Jacques Delors, un européen par excellence
En ce début d’année 2024, disparait donc un des personnages phare de la construction européenne, rejoignant en cela le cercle restreint des dits pères fondateurs.
Homme politique français, inspirateur (parmi d’autres) de la seconde gauche, il débutera sa carrière sous l’égide de Jacques Chaban Delmas (https://www.gouvernement.fr/jacques-chaban-delmas), alors 1er ministre du président Pompidou (https://www.gouvernement.fr/georges-pompidou), comme conseiller en charge des affaires sociales et de la formation professionnelle.
Adhérant en 1974 au parti socialiste, il deviendra en 1981 ministre des finances du président Mitterrand (https://www.elysee.fr/francois-mitterrand) jusqu’en 1984.
Et en 1995, pressenti pour représenter la gauche à la présidentielle, il décidera de ne pas se présenter, estimant selon lui qu’il ne pourrait bénéficier d’une majorité suffisante pour gouverner dans de bonnes conditions.
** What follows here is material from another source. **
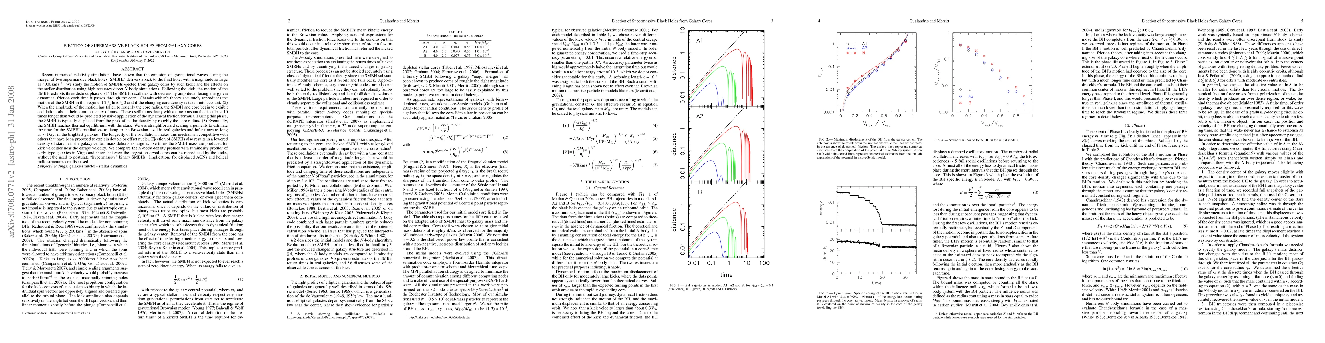 Supermassive black holes can be ejected from galaxy cores with enough gravitational wave kick, affecting their motion and leading to mass deficits and changes in star density, potentially explaining displaced AGNs and helical radio structures.

Il en deviendra l’homme qui dit non (https://www.cultura.com/p-jacques-delors-l-homme-qui-dit-non-3253529.html), ayant par deux fois déjà, refusé la fonction de 1er ministre.
Par contre, sur la scène européenne, on peut considérer que ce fut plutôt une succession de oui, et ce depuis son élection au parlement européen en 1979, où justement il acceptera la présidence de la Commission économique et monétaire jusqu’à son retour sur la scène nationale en 1981 (voir ci-dessus).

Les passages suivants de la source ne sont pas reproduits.